The way I saw it (and see it) was/is that new technologies and programs possess a huge amount of possibility in allowing a space for alternative discourses and, what Robert Kaplan calls, contrastive rhetoric, in the traditional classroom. As Kaplan explains, contrastive rhetoric has had little to no impact on the traditional classroom (vii). One of the reasons for this, he goes on to say, is that composition instructors have assumed their audience (students) as monolingual and monocultural (viii). However, not only have instructors assumed a homogeneity amongst their students, they have, as shown in the attitude of the panelists described above, been comfortable with teaching and expecting their students to learn traditional academic discourses. But, as many of us know, the classroom is not as conventional and traditional as the discourse it commonly espouses. It is varied and diverse. And it is in need of alternative discourses and contrastive rhetorics. I think the new technologies and programs explored in the panel I listened to can work to approach some of the challenges that Pratt leaves her audience with. The panelists saw on-line popular mediums/spaces as needing corrected, as needing realigned with traditional and conservative notions of literacy and discourse; but, they missed an opportunity. The mediums/spaces can be used, I think, in the classroom, especially the composition classroom, as opportunities for students to get the chance and make arguments/statements in their own creative and historical discourses. Students, outside of the classroom cross, engage and explore the contact zone everyday through their interactions through/in these mediums/spaces. Students should not be asked to change the way they engage in those spaces, but instead, academics should be asked how those spaces could help to rethink understandings of discourse and literacy.

Works Cited
Pratt, M. L. (1991). "Arts of the Contact Zone." Profession 91: 33-40.

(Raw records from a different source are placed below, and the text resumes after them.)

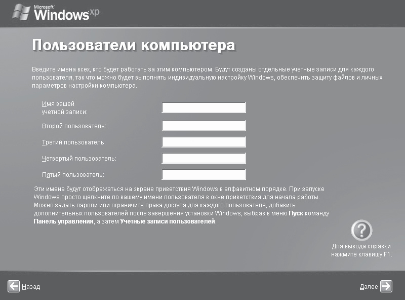 Далее следует указать имя своей учетной записи (администратор компьютера) и имена учетных записей пользователей, которые будут работать на данном компьютере кроме вас (рис. 1.12).
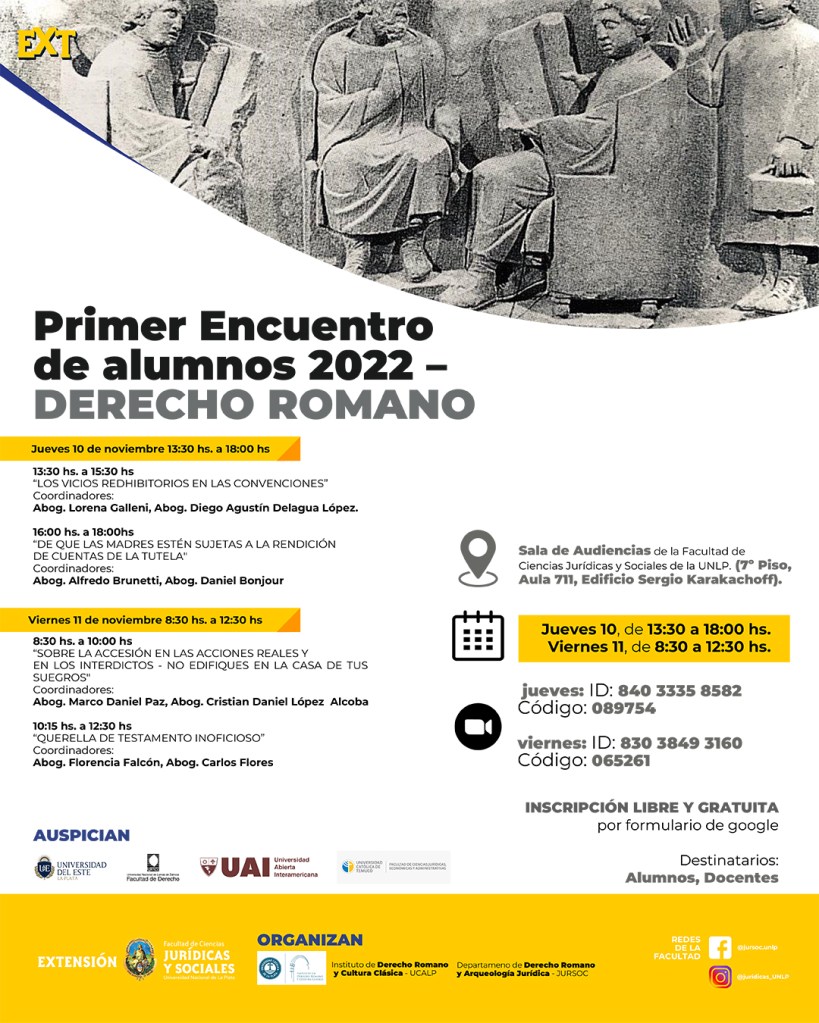 La Secretaría de Extensión invita a participar del “Primer Encuentro de alumnos 2022 – Derecho Romano”, organizado por el Departamento de Derecho Romano y Arqueología Jurídica, de la Facultad de Ciencias Jurídicas y Sociales de la Universidad Nacional de La Plata y, el Instituto de Derecho Romano y Cultura Clásica, de la Universidad Católica de La Plata.
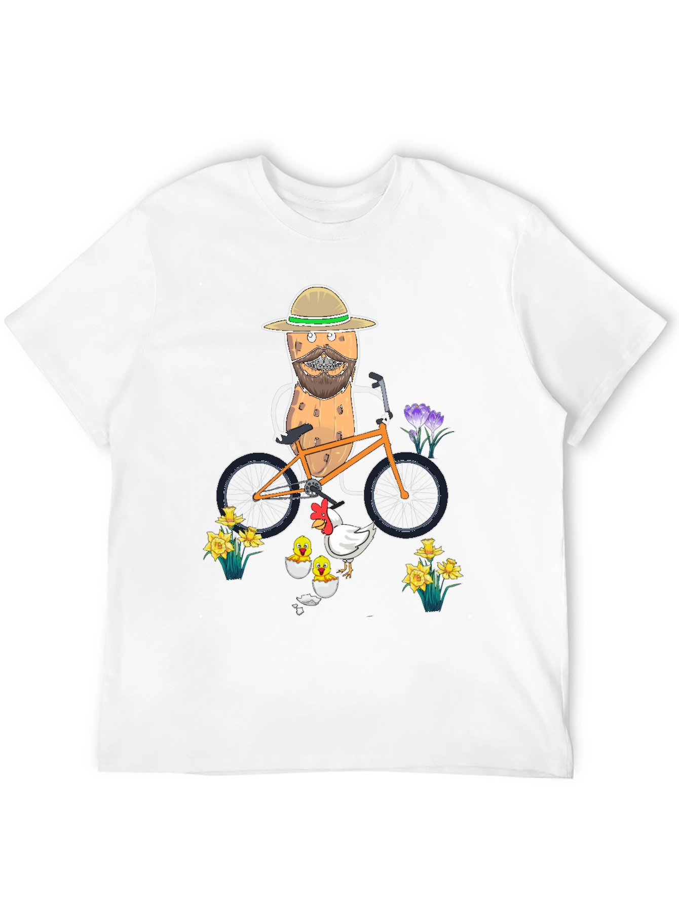 This unique t-shirt features a whimsical graphic of a potato character with a beard and hat riding a bicycle. The design also includes a chicken with newly hatched chicks surrounded by spring flowers like daffodils and crocuses, adding a playful touch. Made from a comfortable fabric, this black tee is perfect for casual wear and makes a statement with its eye-catching, quirky design. Great for those who love novelty shirts and unique, conversation-starting pieces. Ideal for everyday wear, casual outings, or as a fun gift for a friend.
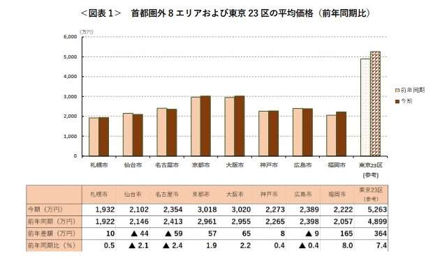 平均価格は、札幌市が1932万円(前期比0.2%増)、京都市が3018万円(同3.4%増)、大阪市が3020万円(同1.7%増)で、2017年Ⅰ期以降最高額を更新した。
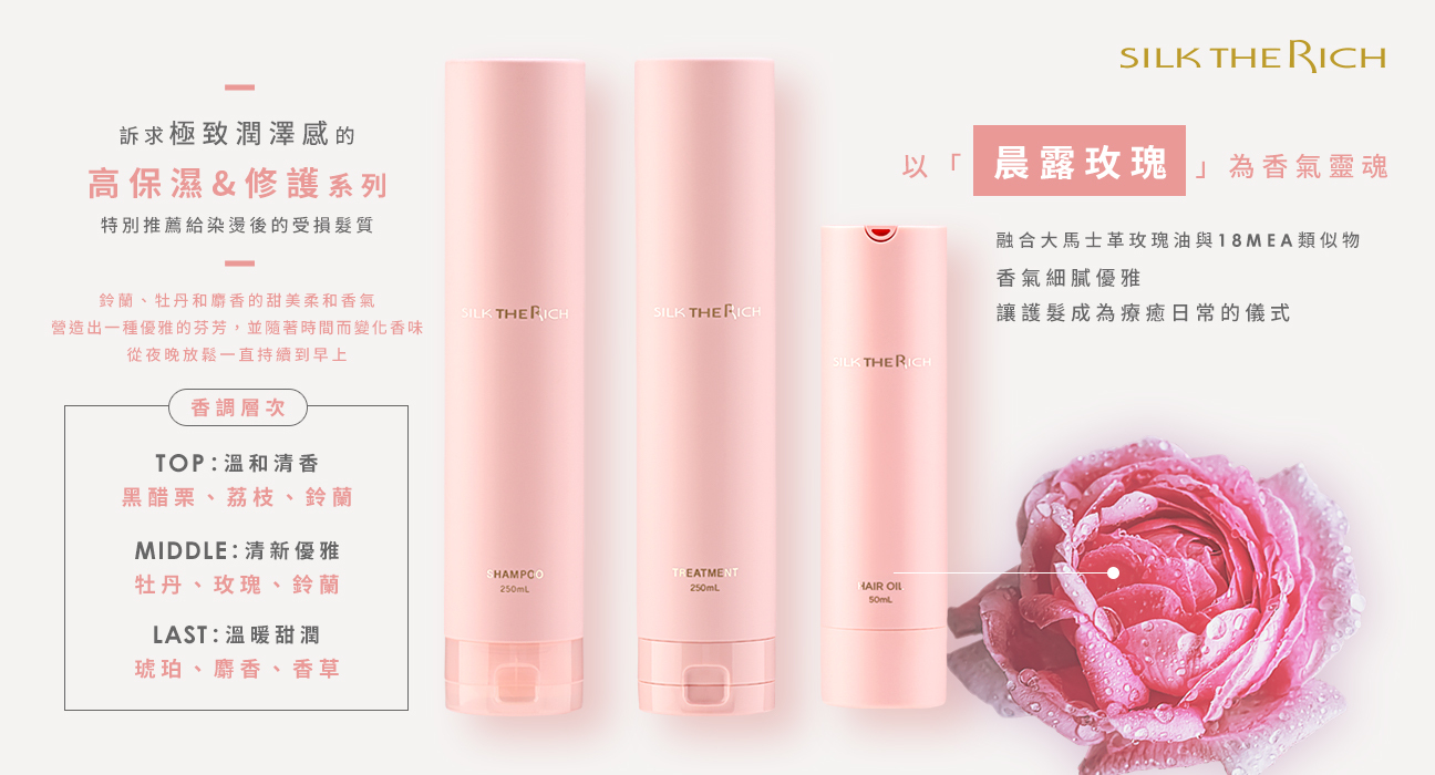 SILK THE RICH 高保濕&修護洗髮精 <晨露玫瑰> 250ML
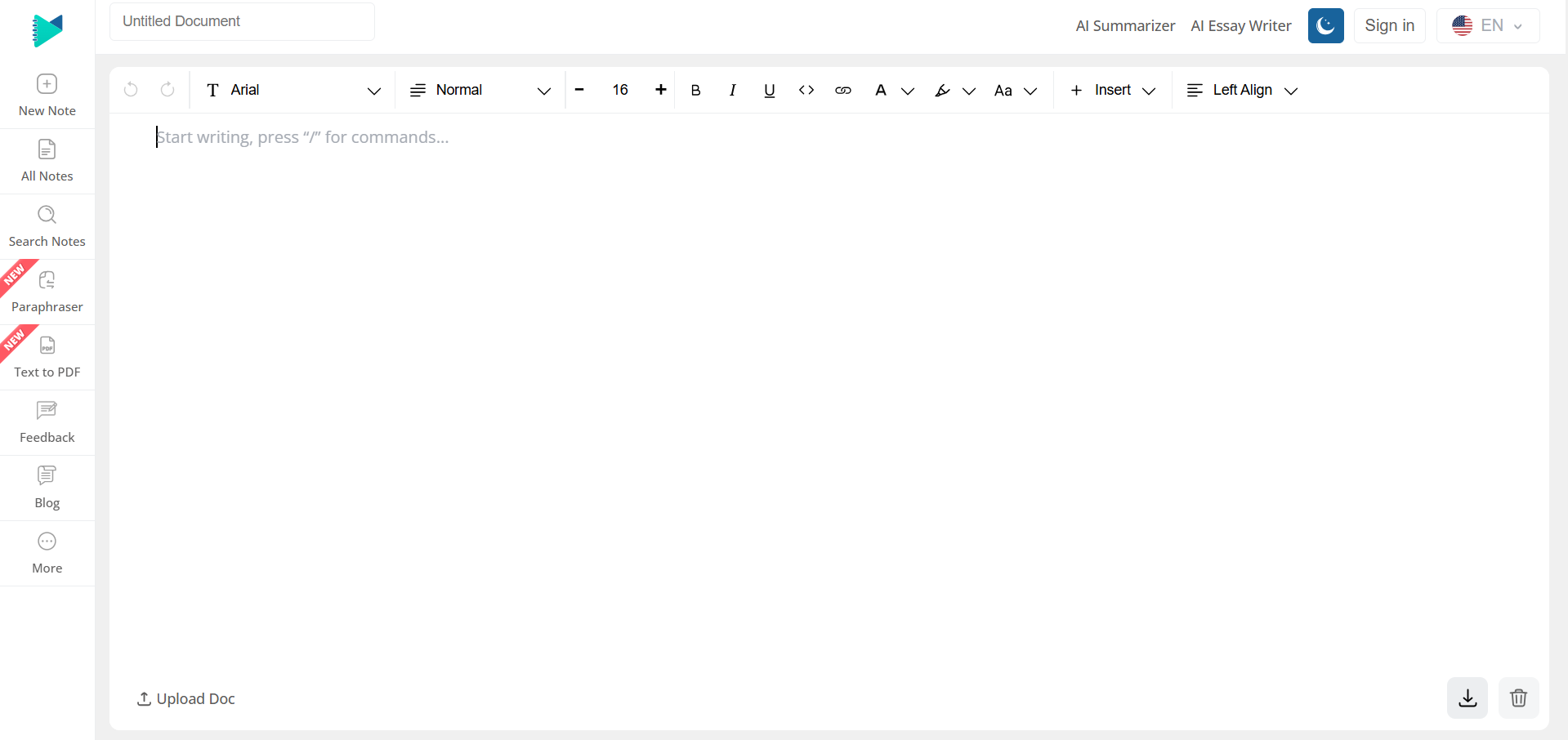 - Different Formatting Options: It offers a wide range of formatting options, including headings, text highlighting, numbered lists, bold, bullet points, and different font families.

Kaplan, R. B. Forward: What in the World is Contrastive Rhetoric?: vii-xx.

Peeples, Tim. Professional Writing and Rhetoric: Reading from the Field. New York: Longman, 2003. Print.

Tuesday, January 12, 2010

Stepping off the Bus

The title of this blog comes from my first exposure to the concept of the "contact zone": an article by Min-Zhan Lu entitled, "Representing and Negotiating Differences in the Contact Zone." The article, though overwhelming to my freshman sentimentalities, was jarring to me. It rattled my understanding of cross-cultural interaction and really challenged me (at least that of which I could at the time understand) to think about how I viewed people that were not like me. Though I had never been uneasy around other cultures (and I understand this is probably the same position that most white middle class people like to assume about themselves) I had never really gone out of my way to actually and purposefully engage with other cultures. I can remember feeling so disappointed in myself and in my history of practicing, as Lu says, cultural tourism, or calling it cultural interaction when it is really cultural observation, and from a safe distance. The article, using a tourist bus metaphor (and a very handy narrative) suggests that we stop looking at other cultures through safe partitions and step off of the bus and start to really engage with the culture.

Out of all the things I have read as an undergraduate and graduate student, Lu's article has continued to stay close to my intellectual surface, feeling oddly fresh in my mind and constantly convicting. Though as a freshman I did not understand everything Lu was arguing, the power of her metaphorical narrative resonated with me and still does to this day. It is a simple request of humanity and yet it so challenging, though ultimately rewarding: to step off of the bus.